Наверно, немцам там он все растолковал,
Как проведем обмен и сколько раз исполним,
Конечно, жизнь свою он в ноль застраховал,
И белым флагом нам салютовал, довольный.
Ну, мы пятнадцать раз «Катюшу» голосили.
Доголосились до того, что голос наш пропал.
Зато напротив немцы так Ванюшу напоили, накормили,
Что без сознания на дно немецкого окопа он упал.
И немцы были тем концертом так довольны,
Как будто пел им Александровский военный хор.
Решили притащить в окоп к нам Ваньку,
Нельзя же немцу нарушать общественный наш договор.
Солдатики немецкие простые работяги были,
И совесть, и порядочность к другим были у них,
Они в мирных временах, да и в войну не позабыли,
Что Бог дает все блага не для них одних.
И в сереньком завьюженном рассвете, где-то в пять часов,
Два немца – нам ровесники, почти что дети,
Нагруженного шнапсом Ваньку потащили к нам в окоп,
Чтобы вернуться к бою на рассвете.
Светлело, промахнулись снайпера.
Туманом предрассветным в немцев не попали.
Господь на этот раз их сохранил тогда,
К своим живые невредимы добежали.
А в шесть утра закончилась для тех и тех война,
Любимым матерям и девочкам они не дописали,
В теченье часа самолеты всех отправили их в никуда,
Тротилом в тыщи килограмм окопы все с землей сравняли.
Прошли десятки лет – на этом месте я стою, грущу
Прислушиваюсь, может быть, раздастся песня о «Катюше».
Виновных и невиноватых в этом не ищу.
И боль, и сострадание, и слезы рвут мне душу.
18.03.2009
Последний бой
Я знаю, завтра будет первый в жизни бой,
А в памяти коров гоню я в полдень к водопою,
Я радуюсь тому, что дарит мне река
Своей прозрачною журчащею струею.
Я голый на коне на вороном сижу,
Он входит в воду, оступаясь, осторожно,
Он без узды – его свободен храп – он пьет.

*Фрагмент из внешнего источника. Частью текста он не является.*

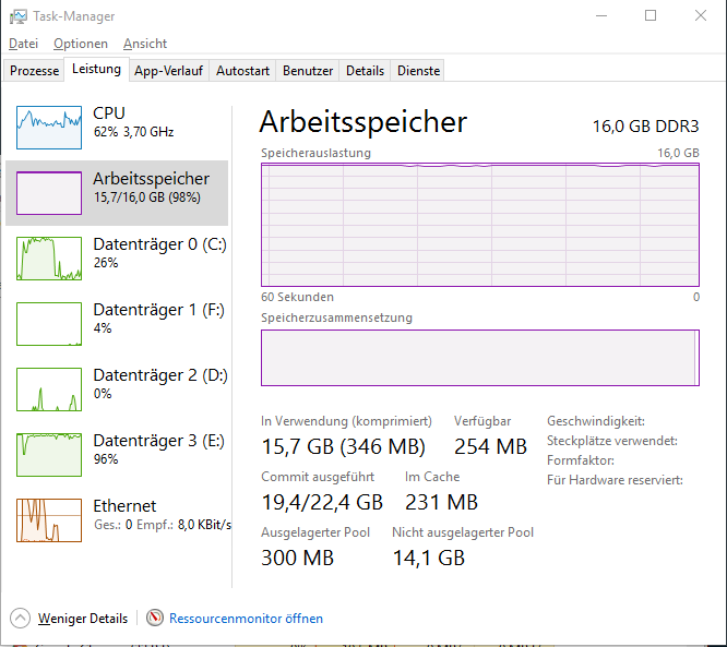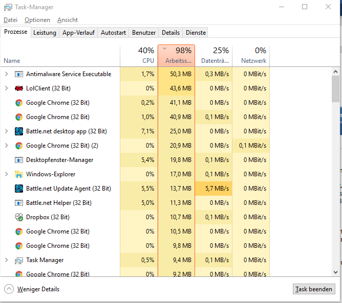Hab seit neustem häufig 98% Arbeitsspeicherauslastung, ohne das die Zahlen im Task-Manager auch nur im geringsten diesen Wert bestätigen. Habe 16 GB drinnen und hatte die ganze Zeit keine Probleme. Jetzt droppen die fps bei LoL regelmäßig auf 25 beim Spielen. Hab mal Screenshots gemacht vom Task-Manager, vielleicht könnt ihr mir ja helfen.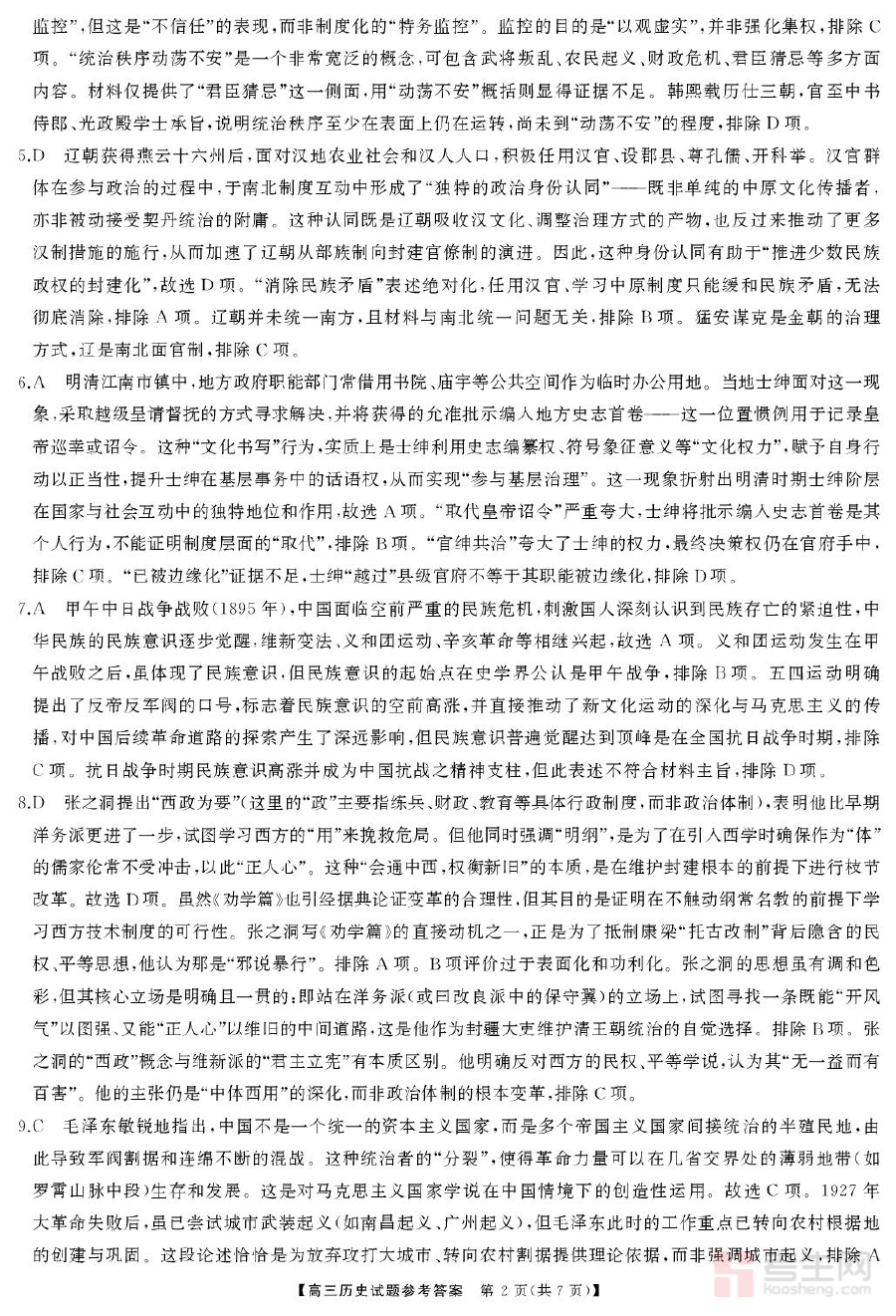 该资料的核心用途在于支持师生完成检测后的结果验证与学情分析工作。学生可通过核对答案快速确认自身答题情况,及时发现作答中的偏差;教师则能依托答案对班级整体在历史知识模块、解题思路等方面的共性问题与个体差异进行系统评估,为后续复习计划的优化和教学策略的调整提供客观数据支撑,助力提升备考效率。

И я с ним пью – восторга описать мне невозможно.
Сейчас сижу на дне осклизлого окопа,
А в голове воспоминаний целый рой.
Как предзакатной, духовитой, муравленной дорожкой
Гоню домой коров, а завтра будет бой.
Со скрипом открывается дворовая калитка,
Коровушка с мычанием проходит на подой,
И мать мне говорит с улыбкой:
«Сынок, поди-ка к ужину, лицо умой».
Очнулся. Ведь, наверное, напротив в вражеском окопе
Сидит такой же паренек, но враг собой,
И щупает рукой осклизлую стену окопа,
И вспоминает, как корову он когда-то гнал на водопой.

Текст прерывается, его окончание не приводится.